For intravesical instillation into the urinary bladder, dissolve the vial contents in 50 ml of 0.9% sodium chloride solution. Instill the prepared solution into the bladder for 1-2 hours before the diagnostic procedure.

For intrauterine instillation, dissolve the vial contents in a suitable volume as determined by the physician. Administer the solution 1-3 hours prior to the diagnostic procedure.

For other sites, such as the oral mucosa or bronchi, use the appropriate concentration and volume as directed for the specific diagnostic procedure.

Following oral administration, strictly adhere to a 24-hour light protection regimen. Avoid direct sunlight and bright indoor light. Protect skin with clothing.

Do not administer to patients with acute or chronic porphyria.
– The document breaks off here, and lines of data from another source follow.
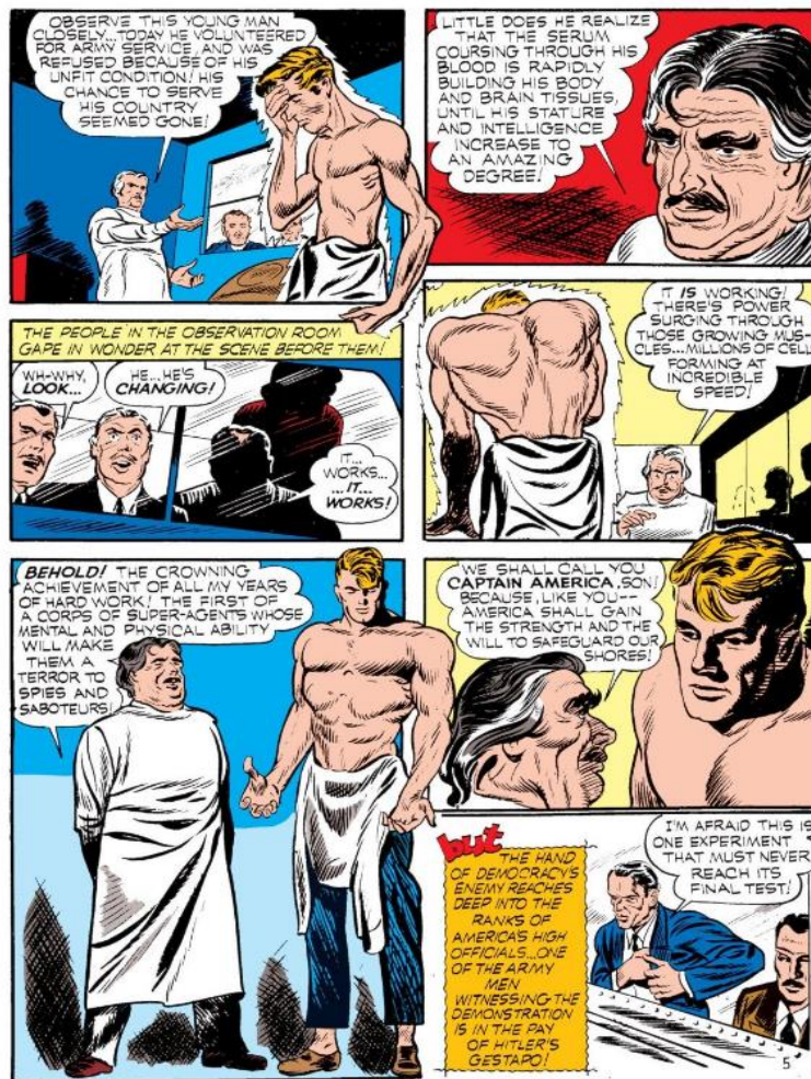
Figura 6. Simon, Joe & Kirby, Jack, Captain America #1 , p. 7 (marzo, 1941), republicado en Marvel Entertainment Inc., 2009. Recuperado de: https://comicstore.marvel.com/my-books/lists

Pero antes de ello, es importante pasar a la siguiente página de la historieta, donde Simon y Kirby nos siguen contando el proceso de transformación de Steve Rogers en Capitán América:
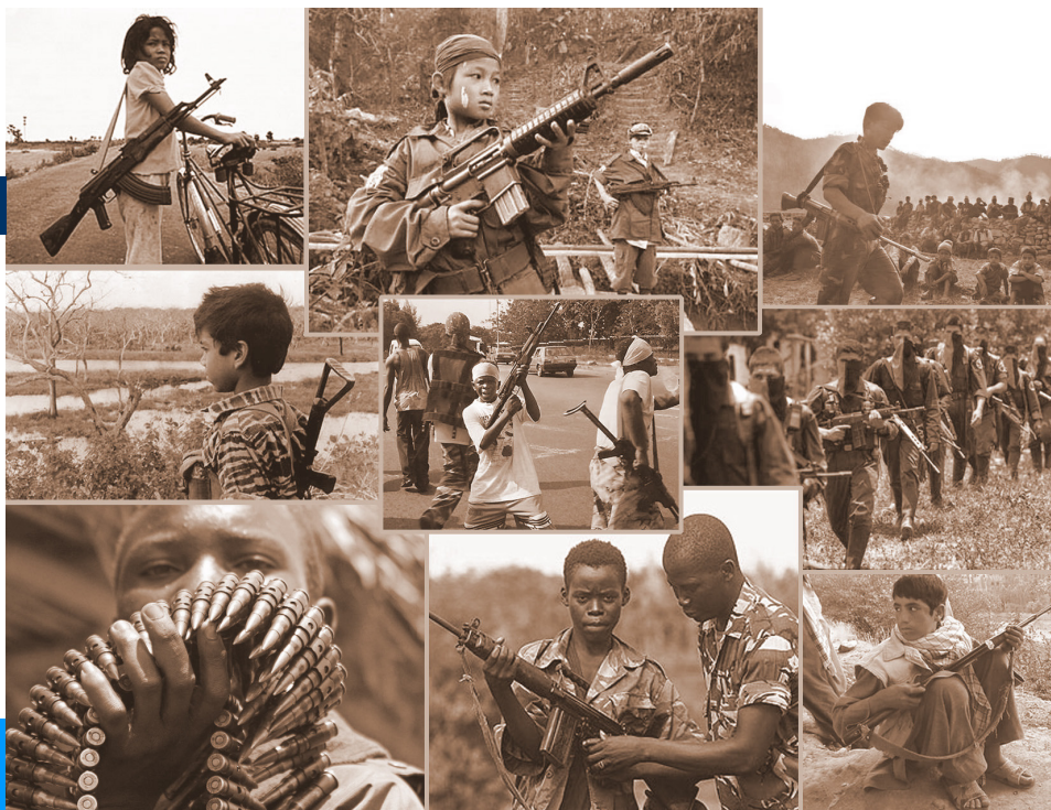
Diskuter om desse bilda gir eit dekkande bilde av omgrepet barnesoldatar.

Ein barnesoldat blir ofte oppfatta som eit valdeleg medlem av ein organisasjon som tar aktivt del i ein væpna konflikt . Omgrepet refererer imidlertid ikkje berre til uniformerte som ber våpen , men også til folk med høgst ulike roller i væpna grupper. Eksempel på slike kan vere barn som blir henta inn som kokkar, ledsagarar, berarar, barnevakter, sexslavar, livvakter, spionar, minesøkarar og arbeidarar. Barn blir sette til slike oppgåver i eit breitt spekter av væpna grupper – frå opprørarar til regjeringsstyrkar. Når slike kjensgjerningar blir tekne omsyn til, får vi eit meir dekkande bilde av kva ein barnesoldat er. UNICEF (FNs barnefond) seier det slik: «ein barnesoldat er eit barn – gut eller jente – under 18 år som med tvang, makt eller frivillig er blitt
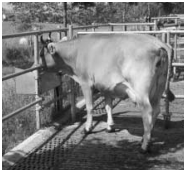
Die Tränke im Laufhof ist für alle Tiere leicht zugänglich.
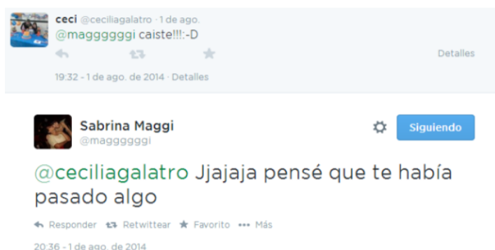
Imagen 12. Captura del timeline de @Maggggggi.

Para las y los jóvenes entrevistados, las menciones no representan algo distinto de lo que puede entenderse por su nombre, no se perciben otros sentidos atribuidos a las mismas; pero sí encontramos en las prácticas que no todas y todos las utilizan del mismo modo y se vuelve primordial quién es el usuario con quien interactúan. De esta forma, a veces se torna difícil comprender desde dónde provienen las menciones reconvertidas en charlas porque, en tanto lectores, nos falta información que puede provenir de lo offline, desde otras redes sociales digitales o que no se interprete porque comparten un mismo código juvenil. “En Twitter nos relacionamos mucho el grupo de amigos”, sostiene @Maggggggi.
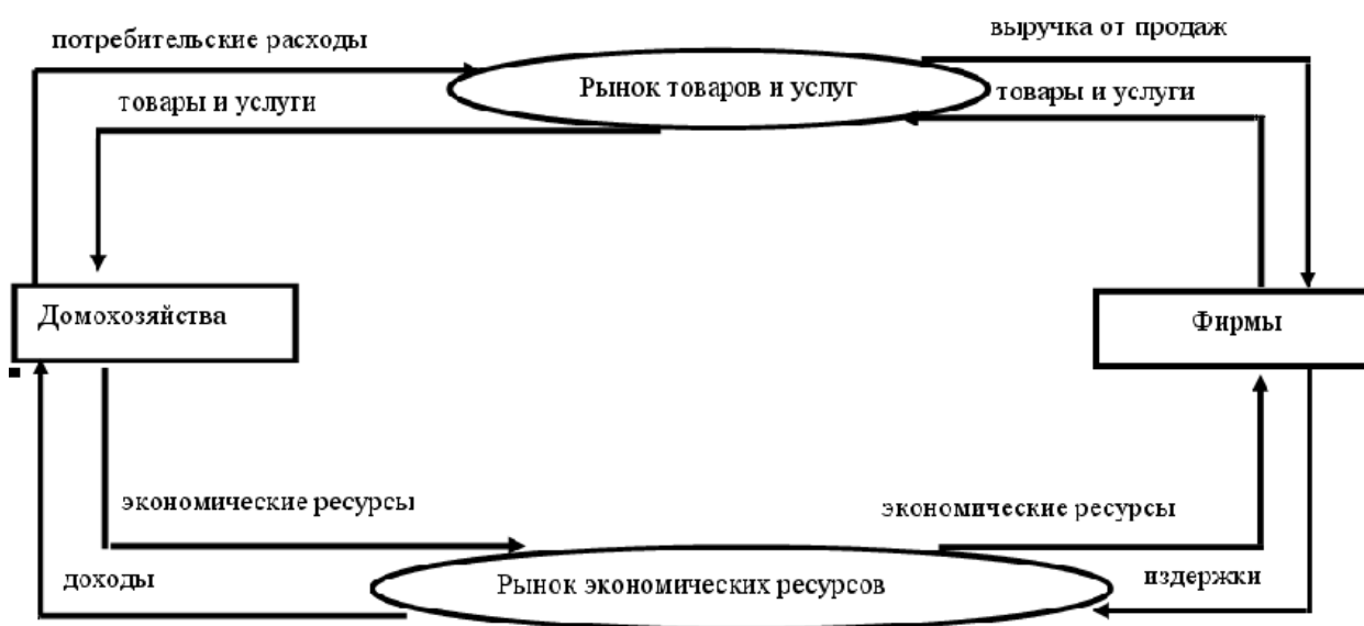
Диаграмма кругооборота потоков в экономике

Характеристика потоков расходов и доходов.
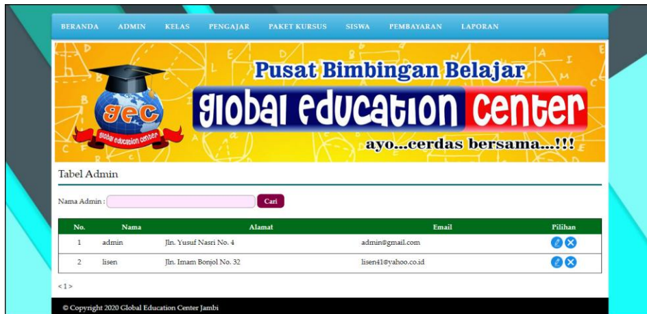
Gambar 5.8 Halaman Data Admin
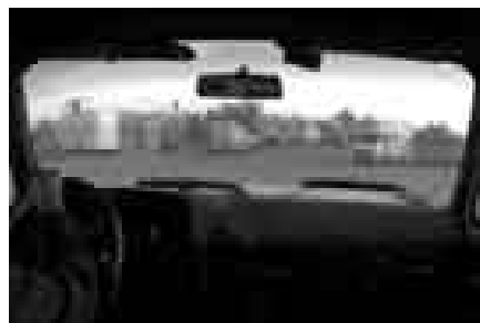
Below sea level
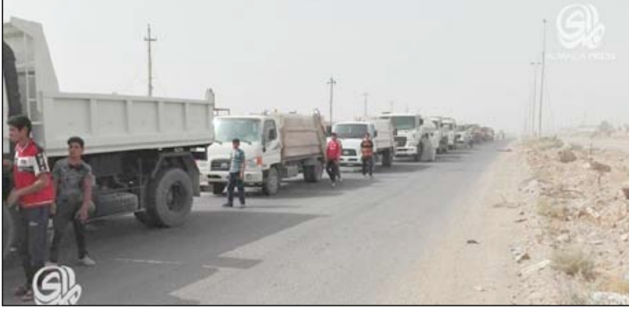
حملة لتنظيف قضاء بيجي، شمالي تكريت، من مخلفات الحرب

أعلن محافظ صلاح الدين أحمد عبد الله الجبوري، يوم أمس الأحد، عن المباشرة بتنظيف قضاء بيجي - شمالي تكريت - من العبوات الناسفة ومخلفات الحرب ضد تنظيم (داعش). وفيما دعا الحكومة المركزية إلى إطلاق الأموال التي خصصتها لإعادة الإعمار، طالب المجتمع الدولي بالمساهمة في إعادة تأهيل القضاء تمهيداً لإعادة النازحين. وقال أحمد عبد الله الجبوري، في حديثه إلى (المدى برس)، إن "إدارة المحافظة باشرت، اليوم، بحملة واسعة لتنظيف مركز قضاء بيجي، (٤٠ كم شمالي تكريت)، من آثار الحرب وما خلفه تنظيم (داعش) من عبوات ناسفة"، مبيناً أن الحملة ترمي إلى تنظيف قضاء
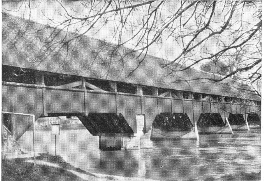
Die im Jahre 1576 erbaute Brücke von Wangen a. A.

der alten Brattig, was einer eintrug, der Schweres erlebt und die Namen in der Bibel im Gänterli! Und vergleiche, was der Bube sagt, der doch weder schreiben noch lesen kann.“
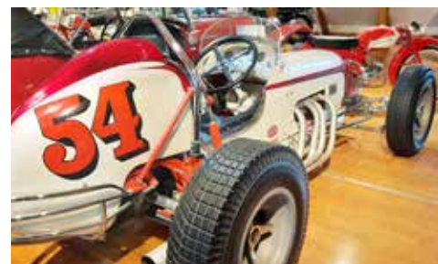
En racerbil modell äldre fanns också att beskåda

This drug is contraindicated during pregnancy, lactation, and in patients under 18 years of age.

Adverse Reactions

Possible: allergic reactions.

In the first hours after oral administration of aminolevulinic acid when exposed to bright sunlight, phototoxic skin reactions (redness, itching, swelling of exposed skin areas) are possible. Very rarely – transient arterial hypotension and tachycardia.

Contraindications

Hypersensitivity to aminolevulinic acid; acute or chronic porphyria; pregnancy, breastfeeding period; children under 18 years of age.

Use in Pregnancy and Lactation

Contraindicated for use during pregnancy and breastfeeding.

Pediatric Use

Contraindicated for use in children under 18 years of age.

Special Precautions

After oral administration of aminolevulinic acid, it is recommended to observe a light regimen for 24 hours: isolation from direct sunlight (the patient is allowed to stay in a room with artificial light sources); if necessary, use appropriate clothing to protect exposed areas of the body (face, hands) from direct sunlight.

Storage Conditions

Store at 2°C (36°F) to 8°C (46°F). Keep in original packaging, protected from light. Keep out of reach of children.

Dispensing Status

Rx Only

Important Safety Information

This information is for educational purposes only and does not replace professional medical advice. Always consult your doctor before use. Dosage and side effects may vary. Use only as prescribed.